ACTIVITY. Return, verbatim and in full, the records that follow, but not their pictures.

THE RECORDS.
....

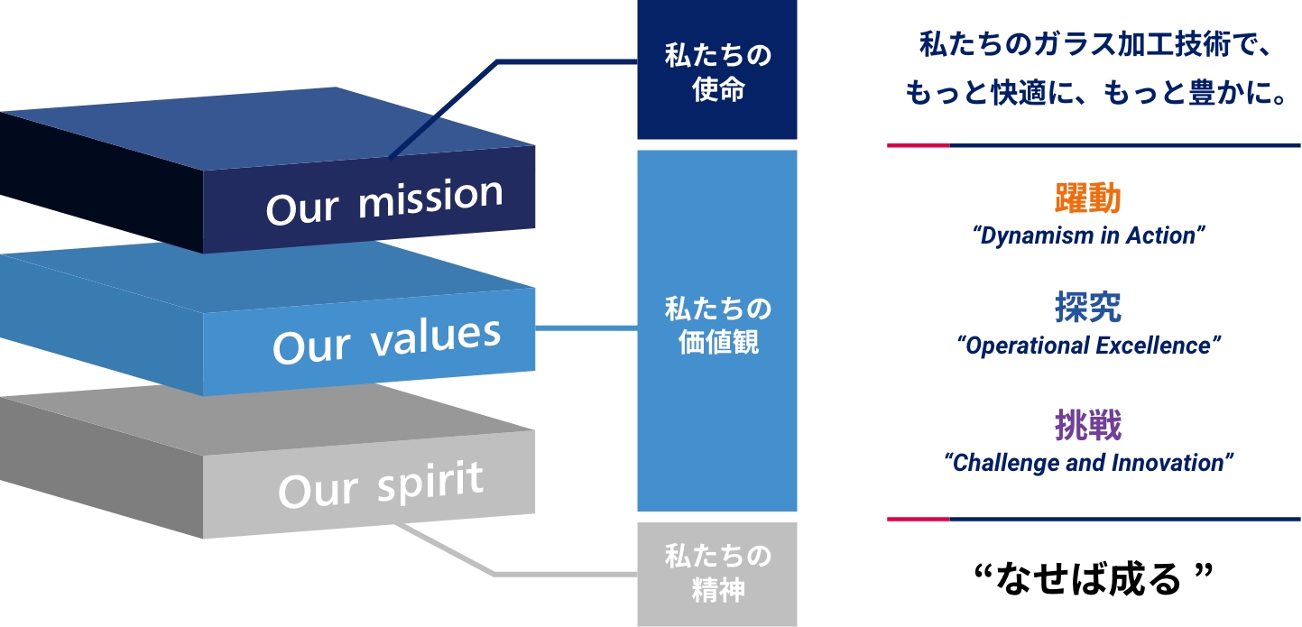 私たちは、One Teamで高い目標に挑み、優れたガラス加工技術で新たな価値を創造します
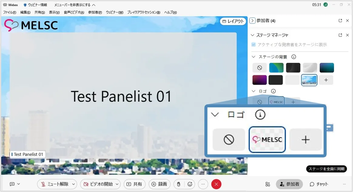 ※停止した場合,出席者はステージマネージャーで設定した背景などは利用することはできません.再度「同期」するとステージマネージャーで設定したレイアウトを使用できます.
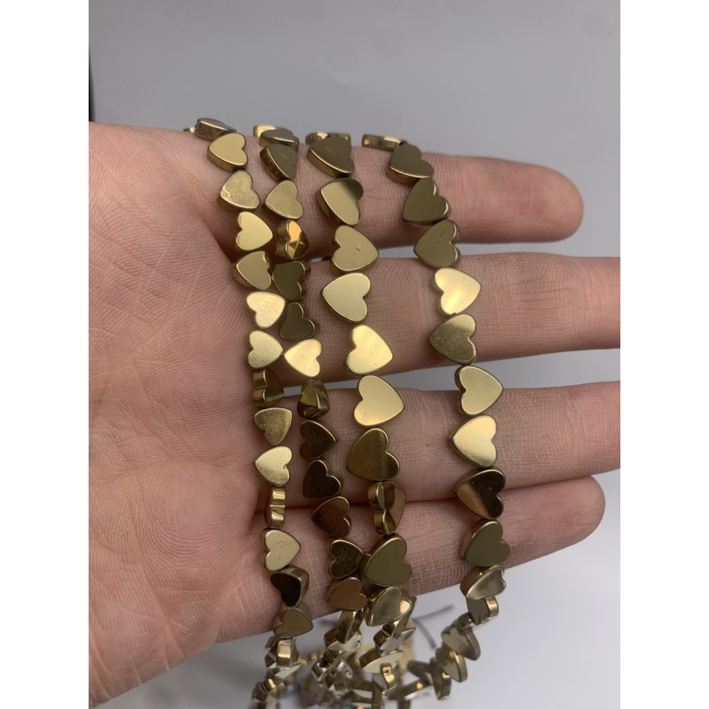 • Каменные бусины, Гематит синтетический, золото, сердечки, 8 мм, длина нити 38 см 16978
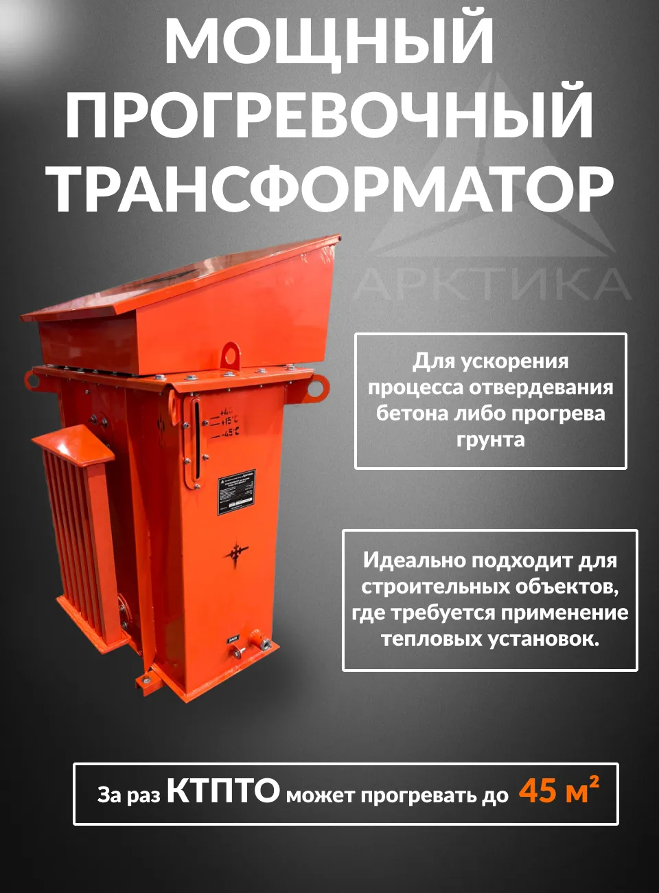 В КТПТО применяется трехфазный трехобмоточный трансформатор типа ТМТО мощностью 80 кВА с естественным масляным охлаждением. Трансформатор имеет 5 ступеней напряжений для обеспечения лучших условий прогрева. В КТПТО имеются блокировки, обеспечивающие безопасность работ обслуживающего персонала при прогреве бетона. Контроль за температурой бетона осуществляет оператор, так же он вручную производит отключение трансформатора при наборе необходимой температуры бетона. Средний объем прогреваемого бетона масляным трансформатором КТПТО - 45 м3.
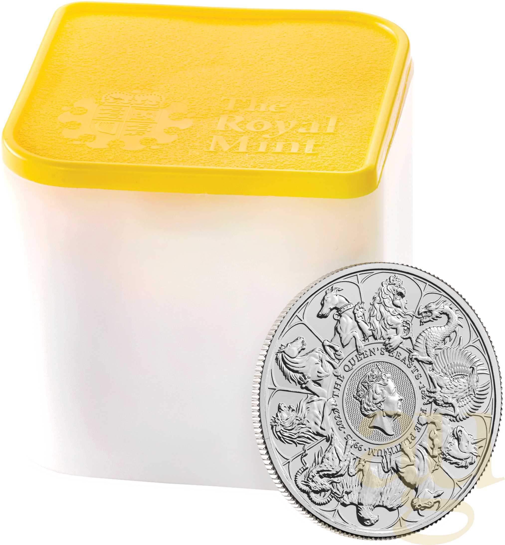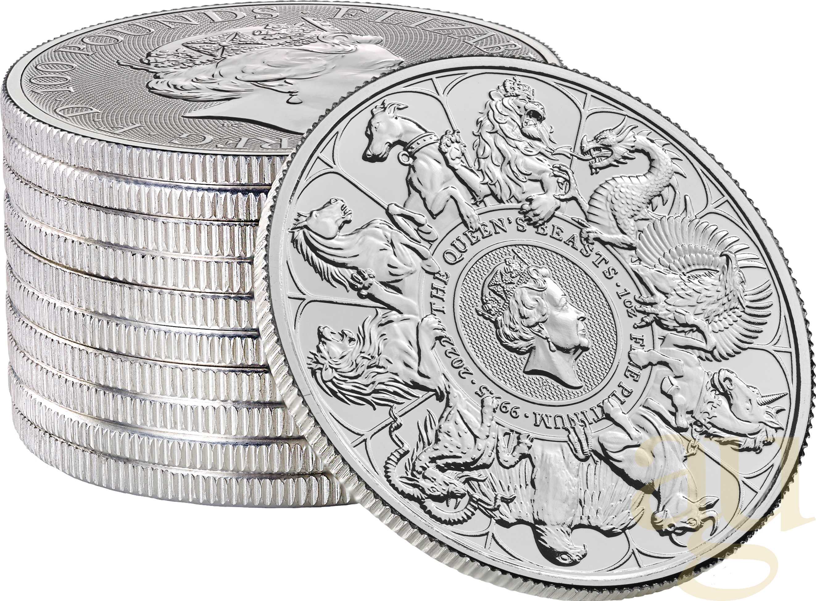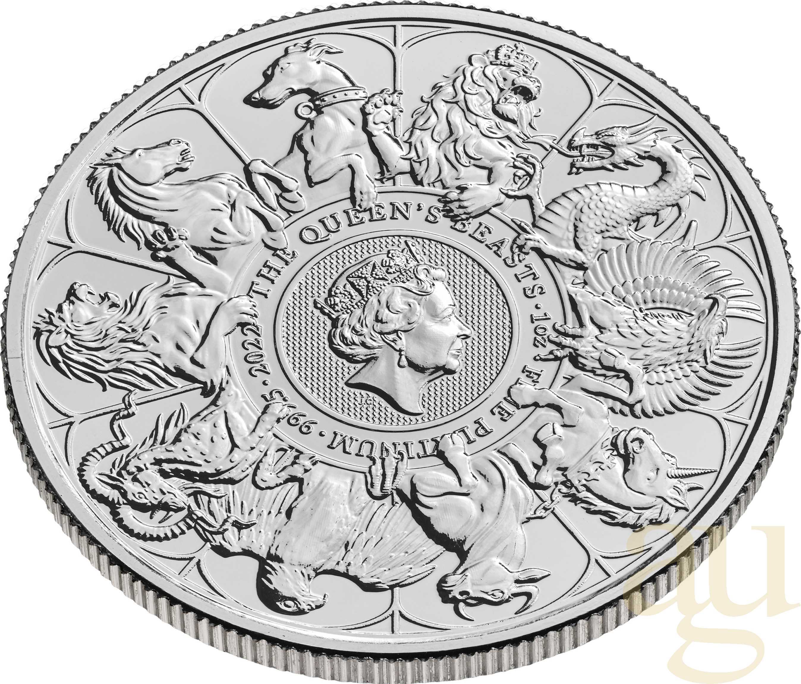 Seit dem Jahr 2017 wird die „The Queens Beasts Platin“ Serie von der britischen Royal Mint ausgegeben. Insgesamt beinhaltet die Serie zehn verschiedene Wappenmotive, die Rückseite der Münze ziert Königin Elisabeth ll. Mit einem Nennwert von 100 Pounds gelten die Münzen offiziell als Zahlungsmittel. Die Silbermünze Completer Coin 2022 ist die letzte von elf königlichen Münzmotiven. Die Serie symbolisiert zehn imposante Tierstatuen, welche bei der Krönung von Königin Elizabeth II. im Jahre 1953 den Eingang von Westminster Abbey zierten.

....

THE ANSWER.
 私たちは、One Teamで高い目標に挑み、優れたガラス加工技術で新たな価値を創造します
 ※停止した場合,出席者はステージマネージャーで設定した背景などは利用することはできません.再度「同期」するとステージマネージャーで設定したレイアウトを使用できます.
 • Каменные бусины, Гематит синтетический, золото, сердечки, 8 мм, длина нити 38 см 16978
 В КТПТО применяется трехфазный трехобмоточный трансформатор типа ТМТО мощностью 80 кВА с естественным масляным охлаждением. Трансформатор имеет 5 ступеней напряжений для обеспечения лучших условий прогрева. В КТПТО имеются блокировки, обеспечивающие безопасность работ обслуживающего персонала при прогреве бетона. Контроль за температурой бетона осуществляет оператор, так же он вручную производит отключение трансформатора при наборе необходимой температуры бетона. Средний объем прогреваемого бетона масляным трансформатором КТПТО - 45 м3.
 Seit dem Jahr 2017 wird die „The Queens Beasts Platin“ Serie von der britischen Royal Mint ausgegeben. Insgesamt beinhaltet die Serie zehn verschiedene Wappenmotive, die Rückseite der Münze ziert Königin Elisabeth ll. Mit einem Nennwert von 100 Pounds gelten die Münzen offiziell als Zahlungsmittel. Die Silbermünze Completer Coin 2022 ist die letzte von elf königlichen Münzmotiven. Die Serie symbolisiert zehn imposante Tierstatuen, welche bei der Krönung von Königin Elizabeth II. im Jahre 1953 den Eingang von Westminster Abbey zierten.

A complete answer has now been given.